In order to solve the above problems, a high-viscosity material supply device according to the invention of claim 1 includes a main tank that stores the high-viscosity material, a main piston member that pressurizes the high-viscosity material in the main tank, A buffer tank that is integrally attached to the main piston member and stores the high-viscosity material, a buffer piston member that pressurizes the high-viscosity material in the buffer tank, and a communication path that connects the main tank and the buffer tank An open / close valve that opens and closes the communication path, a supply unit that supplies a high-viscosity material from the buffer tank, a main drive unit that drives the main piston member, and a sub-drive unit that drives the buffer piston member. It is characterized by having.
A high-viscosity material supply apparatus according to a second aspect of the invention is characterized in that, in the configuration of the first aspect, the communication passage is connected to the buffer tank through the main piston member.
A high-viscosity material supply device according to a third aspect of the present invention is the high-viscosity material supply device according to the first or second aspect, wherein the on-off valve allows only the flow of the communication path from the main tank side to the buffer tank side. It is a stop valve.
A high-viscosity material supply device according to a fourth aspect of the present invention is the high-viscosity material supply device according to any one of the first to third aspects, wherein the main drive means and the sub drive means are cylinder devices, and the main drive means is a cylinder. The device is connected between the main tank side and the buffer piston member side, and the cylinder device as the sub driving means is connected between the main piston member side and the buffer piston member side. It is characterized by.
A high-viscosity material supply device according to a fifth aspect of the present invention is the high-viscosity material supply device according to any one of the first to third aspects, wherein the main driving means and the sub driving means are cylinder devices, and the main driving means is a cylinder. The apparatus is connected between the main tank side and the main piston member side, and the linder device as the sub driving means is connected between the main piston member side and the buffer piston member side. It is characterized by.

In the high-viscosity material supply device according to the first aspect of the invention, when the high-viscosity material is stored in the main tank, the on-off valve is opened and the high-viscosity material in the main tank is pressurized by the main piston member.
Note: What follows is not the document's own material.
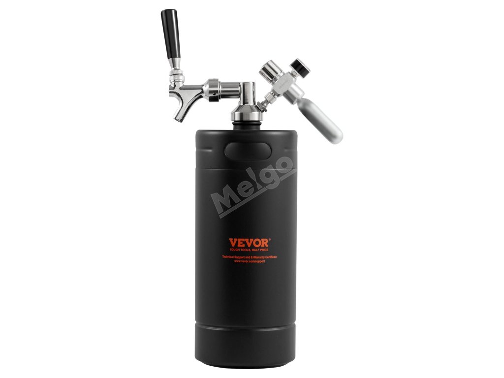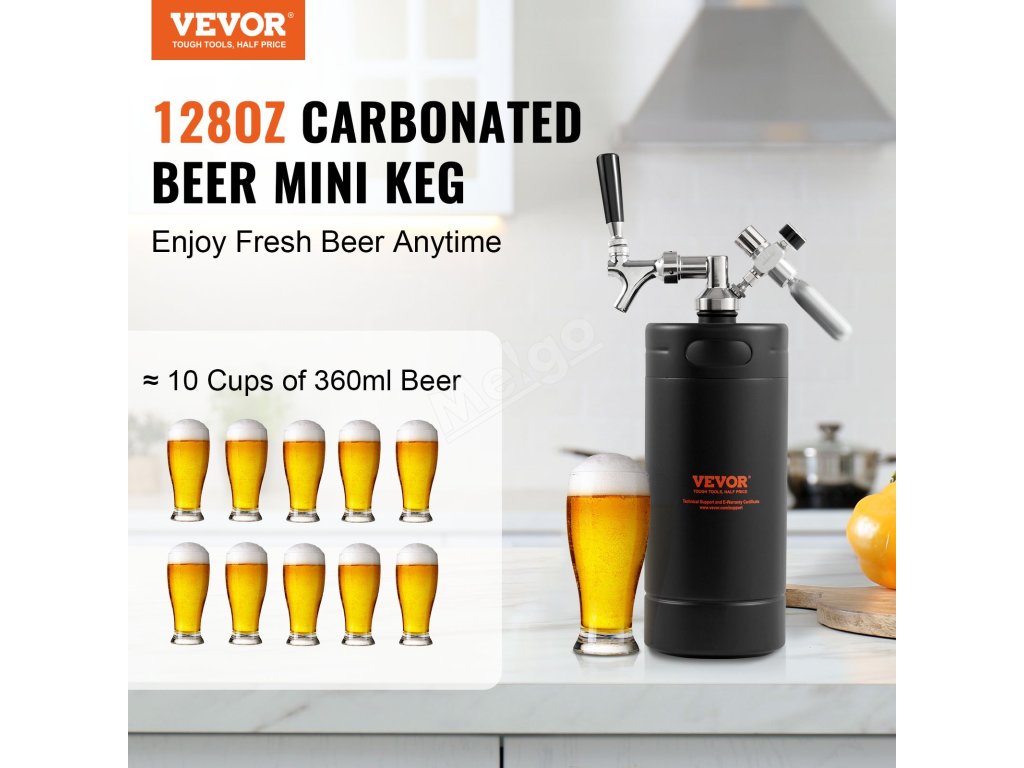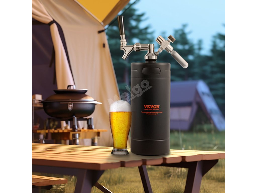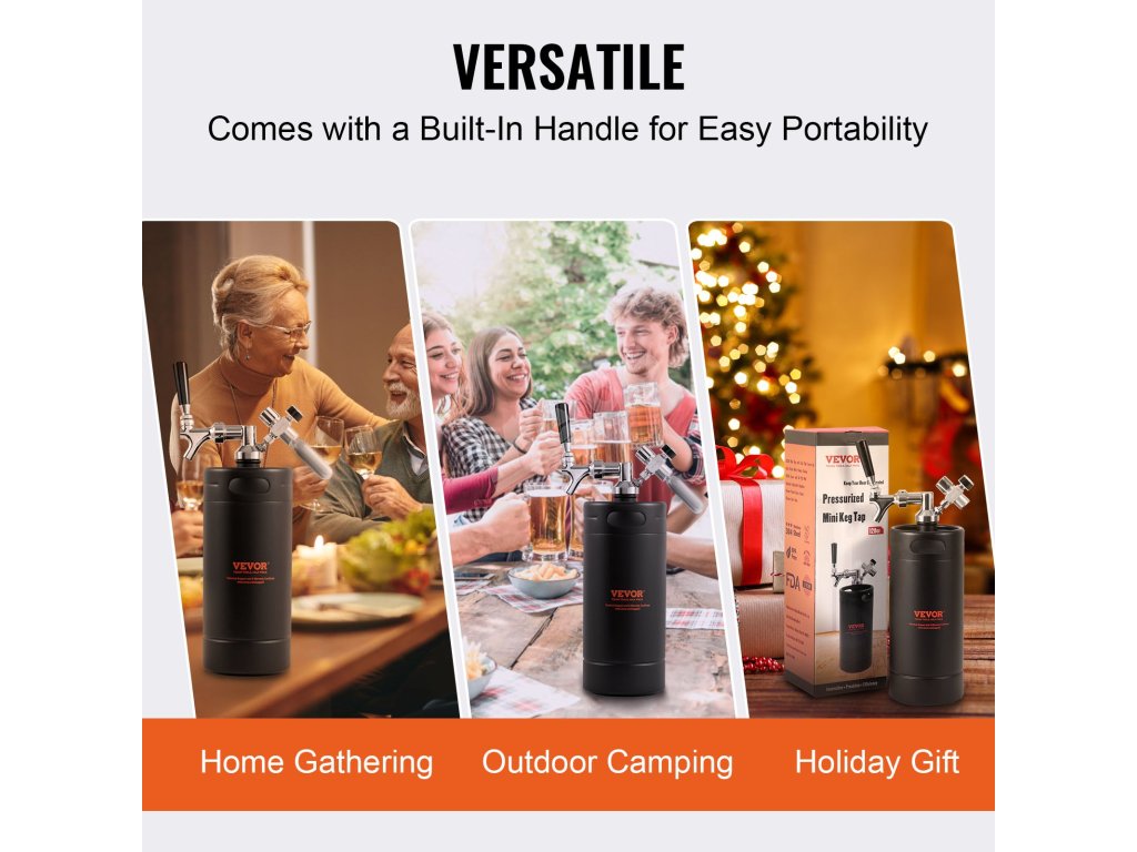 Miniaturní sud na sycené pivo o rozměrech 5,3 x 7,7 x 18,3 palce a objemu 128 uncí je vybaven pohodlným držadlem pro přenášení, takže je vhodný pro domácí setkání nebo kempování v přírodě.

The material is extruded into the buffer tank through the communication path, and the high-viscosity material is supplied from the buffer tank by the supply means. When the inside of the main tank becomes empty, the high-viscosity material is continuously supplied from the buffer tank by closing the on-off valve and pressurizing the high-viscosity material in the buffer tank with the buffer piston member. During this time, the main piston member is retracted to replenish the buffer tank with the high viscosity material. Thereby, even during replenishment of the high viscosity material, the supply of the high viscosity material can be continued. Since the high-viscosity material in the main tank is discharged through the buffer tank, the high-viscosity material does not stay, and deterioration of the high-viscosity material over time can be prevented. In addition, space can be saved by providing the buffer tank integrally with the main piston member.
According to the high-viscosity material supply apparatus according to the second aspect of the present invention, the communication path can be shortened.
According to the high-viscosity material supply device according to the invention of claim 3, when the high-viscosity material is stored in the main tank by using the check valve as the check valve, the high-viscosity material in the main tank Is pressurized by the main piston member, the check valve is opened, the high-viscosity material is pushed into the buffer tank through the communication passage, and the high-viscosity material can be supplied from the buffer tank by the supply means. In this case, the high-viscosity material in the buffer tank is pressurized by the buffer piston member, whereby the check valve is closed and the high-viscosity material can be continuously supplied from the buffer tank. Thus, since the check valve is automatically opened and closed according to the pressurization state of the main tank and the buffer tank, the operation of the on / off valve becomes unnecessary.
According to the high-viscosity material supply device of the fourth aspect of the invention, the cylinder device that is the main drive means moves the main piston member forward and backward relative to the main tank via the cylinder device that is the sub drive means. The cylinder device as the driving means directly moves the buffer piston member forward and backward with respect to the buffer tank.
According to the high-viscosity material supply device of the fifth aspect of the invention, the cylinder device that is the main drive means directly moves the main piston member forward and backward with respect to the main tank, and the cylinder device that is the sub drive means is directly Then, the buffer piston member is moved back and forth with respect to the buffer tank.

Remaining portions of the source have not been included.